Data section:

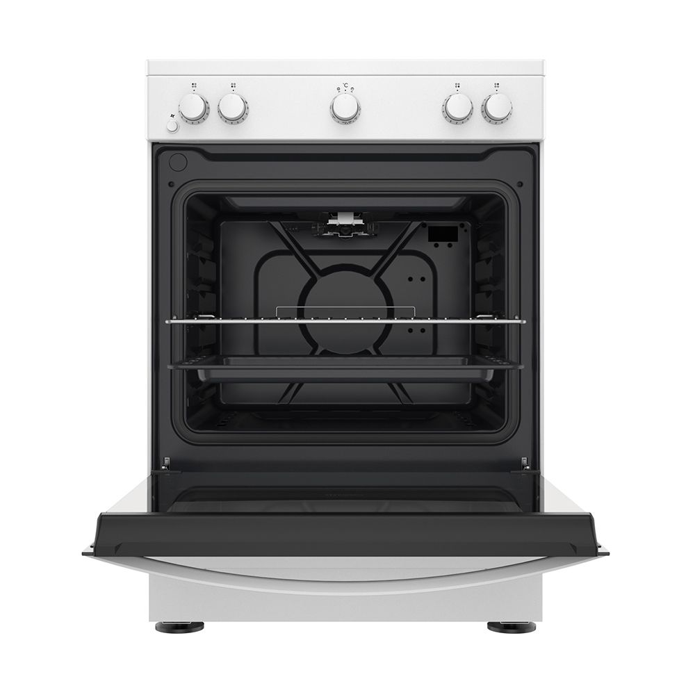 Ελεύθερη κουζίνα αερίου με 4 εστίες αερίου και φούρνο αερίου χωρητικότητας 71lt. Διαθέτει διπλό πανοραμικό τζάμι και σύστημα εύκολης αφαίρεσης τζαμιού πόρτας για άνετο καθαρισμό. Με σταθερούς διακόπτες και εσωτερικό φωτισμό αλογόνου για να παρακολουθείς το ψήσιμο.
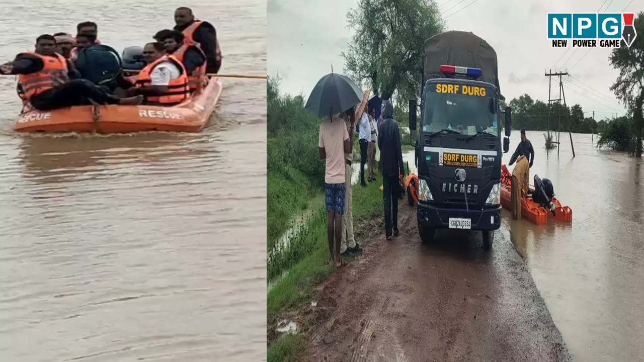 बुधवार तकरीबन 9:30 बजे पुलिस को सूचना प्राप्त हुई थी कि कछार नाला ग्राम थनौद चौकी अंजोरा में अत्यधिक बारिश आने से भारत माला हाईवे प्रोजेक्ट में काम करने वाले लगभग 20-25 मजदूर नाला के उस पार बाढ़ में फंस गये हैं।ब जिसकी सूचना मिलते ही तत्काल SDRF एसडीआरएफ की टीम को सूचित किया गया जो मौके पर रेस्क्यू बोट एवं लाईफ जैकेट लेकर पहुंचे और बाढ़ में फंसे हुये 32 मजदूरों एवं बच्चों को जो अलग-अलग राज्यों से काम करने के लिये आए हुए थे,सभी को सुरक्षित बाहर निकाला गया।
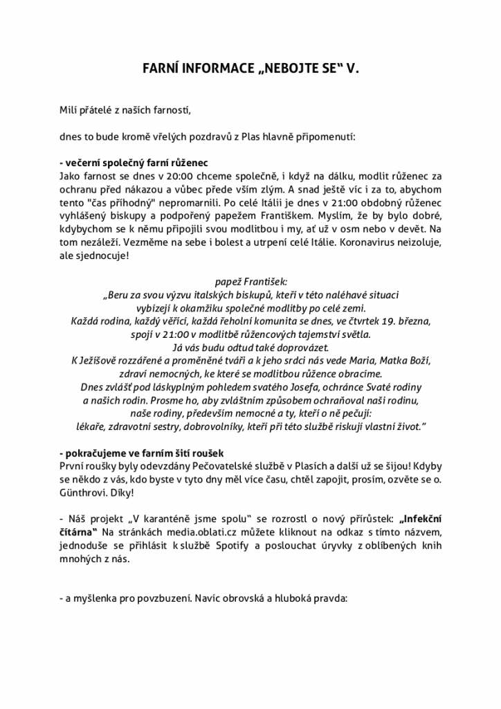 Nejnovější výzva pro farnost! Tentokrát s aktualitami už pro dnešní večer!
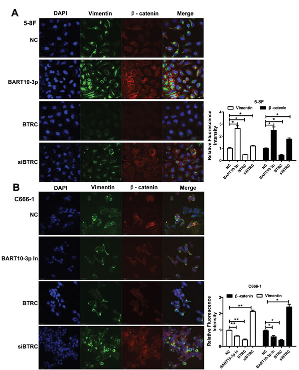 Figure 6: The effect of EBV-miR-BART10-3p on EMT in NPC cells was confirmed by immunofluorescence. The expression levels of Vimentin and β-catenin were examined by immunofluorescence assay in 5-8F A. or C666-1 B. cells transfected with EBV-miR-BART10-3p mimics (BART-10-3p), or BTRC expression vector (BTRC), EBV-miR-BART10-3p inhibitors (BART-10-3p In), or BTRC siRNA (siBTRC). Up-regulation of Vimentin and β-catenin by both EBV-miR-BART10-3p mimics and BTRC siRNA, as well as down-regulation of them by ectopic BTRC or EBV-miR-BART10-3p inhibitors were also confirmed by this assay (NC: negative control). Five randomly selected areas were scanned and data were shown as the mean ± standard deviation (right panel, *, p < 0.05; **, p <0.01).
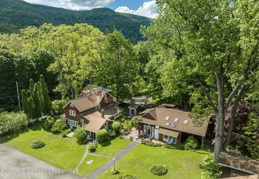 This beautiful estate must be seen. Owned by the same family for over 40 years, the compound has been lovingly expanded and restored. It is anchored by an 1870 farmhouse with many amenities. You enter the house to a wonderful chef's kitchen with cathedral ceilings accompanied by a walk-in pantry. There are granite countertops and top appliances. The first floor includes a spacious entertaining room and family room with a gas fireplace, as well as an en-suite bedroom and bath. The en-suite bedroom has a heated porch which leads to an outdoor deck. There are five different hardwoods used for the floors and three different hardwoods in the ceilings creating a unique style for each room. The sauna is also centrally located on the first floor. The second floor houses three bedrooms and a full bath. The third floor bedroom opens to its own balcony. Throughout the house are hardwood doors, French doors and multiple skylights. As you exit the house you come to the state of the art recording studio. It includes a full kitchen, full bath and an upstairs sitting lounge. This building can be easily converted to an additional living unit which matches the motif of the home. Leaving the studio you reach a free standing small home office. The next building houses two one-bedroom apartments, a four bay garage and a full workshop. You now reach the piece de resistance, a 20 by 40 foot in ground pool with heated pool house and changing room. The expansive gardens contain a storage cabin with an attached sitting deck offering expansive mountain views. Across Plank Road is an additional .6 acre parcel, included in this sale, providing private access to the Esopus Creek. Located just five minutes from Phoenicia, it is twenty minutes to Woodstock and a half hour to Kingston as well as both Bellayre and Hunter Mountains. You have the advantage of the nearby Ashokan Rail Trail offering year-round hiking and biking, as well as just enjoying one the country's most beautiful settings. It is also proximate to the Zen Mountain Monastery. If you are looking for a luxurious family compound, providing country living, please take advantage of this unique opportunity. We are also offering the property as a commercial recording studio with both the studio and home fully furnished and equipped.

What to work on: Excluding the pictures, transcribe each entry above word for word.

Reply:
 Ελεύθερη κουζίνα αερίου με 4 εστίες αερίου και φούρνο αερίου χωρητικότητας 71lt. Διαθέτει διπλό πανοραμικό τζάμι και σύστημα εύκολης αφαίρεσης τζαμιού πόρτας για άνετο καθαρισμό. Με σταθερούς διακόπτες και εσωτερικό φωτισμό αλογόνου για να παρακολουθείς το ψήσιμο.
 बुधवार तकरीबन 9:30 बजे पुलिस को सूचना प्राप्त हुई थी कि कछार नाला ग्राम थनौद चौकी अंजोरा में अत्यधिक बारिश आने से भारत माला हाईवे प्रोजेक्ट में काम करने वाले लगभग 20-25 मजदूर नाला के उस पार बाढ़ में फंस गये हैं।ब जिसकी सूचना मिलते ही तत्काल SDRF एसडीआरएफ की टीम को सूचित किया गया जो मौके पर रेस्क्यू बोट एवं लाईफ जैकेट लेकर पहुंचे और बाढ़ में फंसे हुये 32 मजदूरों एवं बच्चों को जो अलग-अलग राज्यों से काम करने के लिये आए हुए थे,सभी को सुरक्षित बाहर निकाला गया।
 Nejnovější výzva pro farnost! Tentokrát s aktualitami už pro dnešní večer!
 Figure 6: The effect of EBV-miR-BART10-3p on EMT in NPC cells was confirmed by immunofluorescence. The expression levels of Vimentin and β-catenin were examined by immunofluorescence assay in 5-8F A. or C666-1 B. cells transfected with EBV-miR-BART10-3p mimics (BART-10-3p), or BTRC expression vector (BTRC), EBV-miR-BART10-3p inhibitors (BART-10-3p In), or BTRC siRNA (siBTRC). Up-regulation of Vimentin and β-catenin by both EBV-miR-BART10-3p mimics and BTRC siRNA, as well as down-regulation of them by ectopic BTRC or EBV-miR-BART10-3p inhibitors were also confirmed by this assay (NC: negative control). Five randomly selected areas were scanned and data were shown as the mean ± standard deviation (right panel, *, p < 0.05; **, p <0.01).
 This beautiful estate must be seen. Owned by the same family for over 40 years, the compound has been lovingly expanded and restored. It is anchored by an 1870 farmhouse with many amenities. You enter the house to a wonderful chef's kitchen with cathedral ceilings accompanied by a walk-in pantry. There are granite countertops and top appliances. The first floor includes a spacious entertaining room and family room with a gas fireplace, as well as an en-suite bedroom and bath. The en-suite bedroom has a heated porch which leads to an outdoor deck. There are five different hardwoods used for the floors and three different hardwoods in the ceilings creating a unique style for each room. The sauna is also centrally located on the first floor. The second floor houses three bedrooms and a full bath. The third floor bedroom opens to its own balcony. Throughout the house are hardwood doors, French doors and multiple skylights. As you exit the house you come to the state of the art recording studio. It includes a full kitchen, full bath and an upstairs sitting lounge. This building can be easily converted to an additional living unit which matches the motif of the home. Leaving the studio you reach a free standing small home office. The next building houses two one-bedroom apartments, a four bay garage and a full workshop. You now reach the piece de resistance, a 20 by 40 foot in ground pool with heated pool house and changing room. The expansive gardens contain a storage cabin with an attached sitting deck offering expansive mountain views. Across Plank Road is an additional .6 acre parcel, included in this sale, providing private access to the Esopus Creek. Located just five minutes from Phoenicia, it is twenty minutes to Woodstock and a half hour to Kingston as well as both Bellayre and Hunter Mountains. You have the advantage of the nearby Ashokan Rail Trail offering year-round hiking and biking, as well as just enjoying one the country's most beautiful settings. It is also proximate to the Zen Mountain Monastery. If you are looking for a luxurious family compound, providing country living, please take advantage of this unique opportunity. We are also offering the property as a commercial recording studio with both the studio and home fully furnished and equipped.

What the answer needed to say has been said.